COST AND PLAN DETAILS

The sequencer itself is included on all paid plans — you never pay extra to send LinkedIn sequences. You only pay for the enrichment credits you used to find and enrich those leads. Plans start at $29/month. And if you're reading this after using the free plan's 1,000 credits, upgrading is seamless; you'll keep your existing list and can immediately launch sequences.


WHAT RESULTS TO EXPECT

From campaigns I've run targeting QA leads at Salesforce ISV AppExchange partners, here's a realistic range:

  • Connection acceptance rate: 35–50% (higher than cold email because of targeted, personalized notes)
  • Reply rate (positive): 8–15% of accepted contacts express interest — often a request for the example or a straight "we’re actually looking for something like this"
  • Meetings booked: 3–7% of your initial list typically schedule a call, assuming a refined, well-segmented list of 100+ contacts

These numbers improve if you insert a hyper-specific detail beyond the token — like the name of their AppExchange app, which Origami may have surfaced during enrichment. That extra detail boosts acceptance and reply rates noticeably.

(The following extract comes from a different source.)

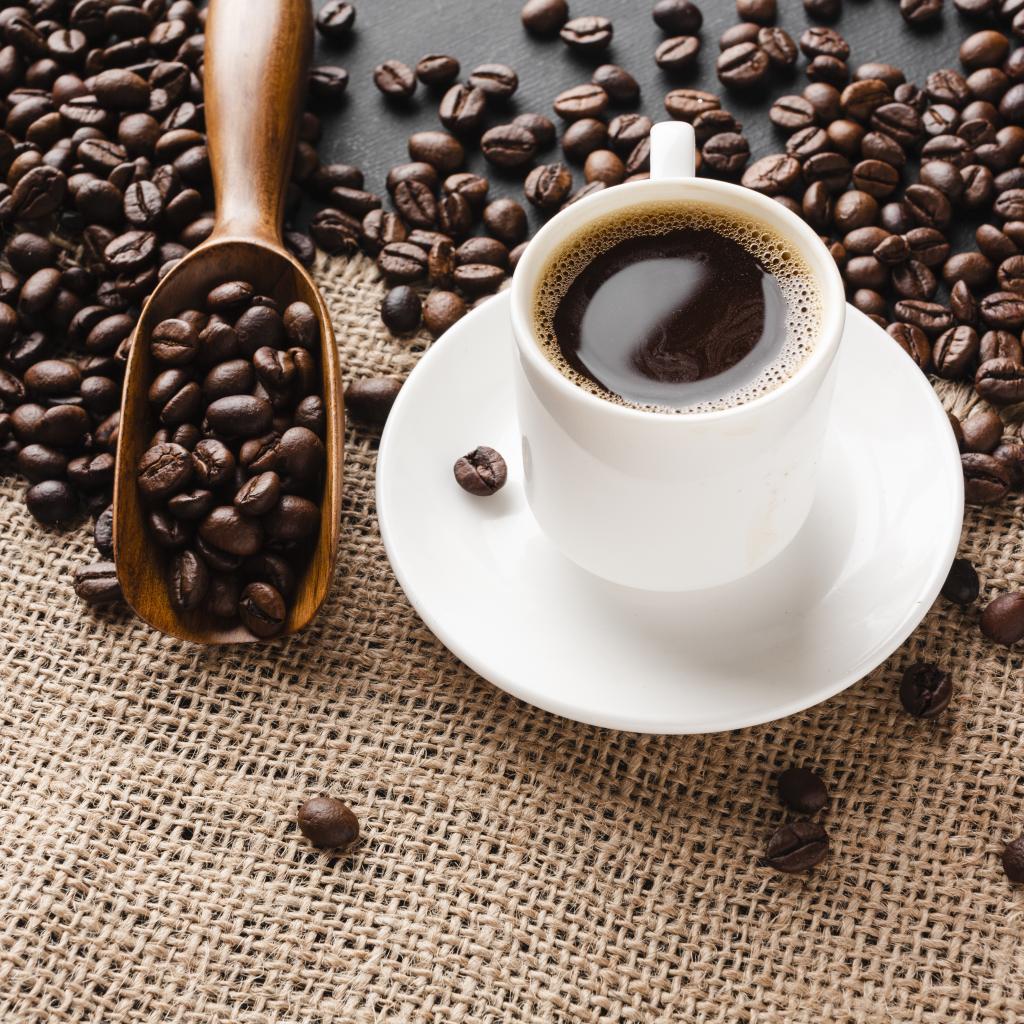 Wallpaper Cup of coffee on the table with grains

WHEN TO ITERATE ON MESSAGING VS. ITERATE ON THE LIST

If your acceptance rate is below 25%, the first thing to fix is the connection note. Test shorter notes, a different pain point (e.g., UI test flakiness in Lightning vs. classic), or ask a different question. For the follow-up, swap the angle if you're getting silence after Day 7 — maybe a case study with a named ISV works better than a generic metric.

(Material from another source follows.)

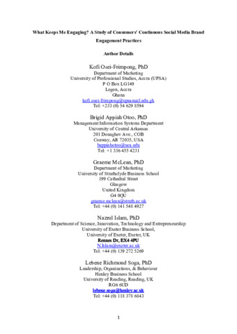What keeps me engaging? A study of consumers’ continuous social media brand engagement practices.

If your acceptance rate is healthy but reply rates are low, the list might be too broad. Go back to Step 2 and tighten your qualification: remove smaller ISVs, stick to Segment A only, or filter for companies that recently passed a security review (Origami can sometimes surface AppExchange listing update dates). A small, hyper-focused list of 40 contacts that converts at 20% always beats 200 contacts that go nowhere.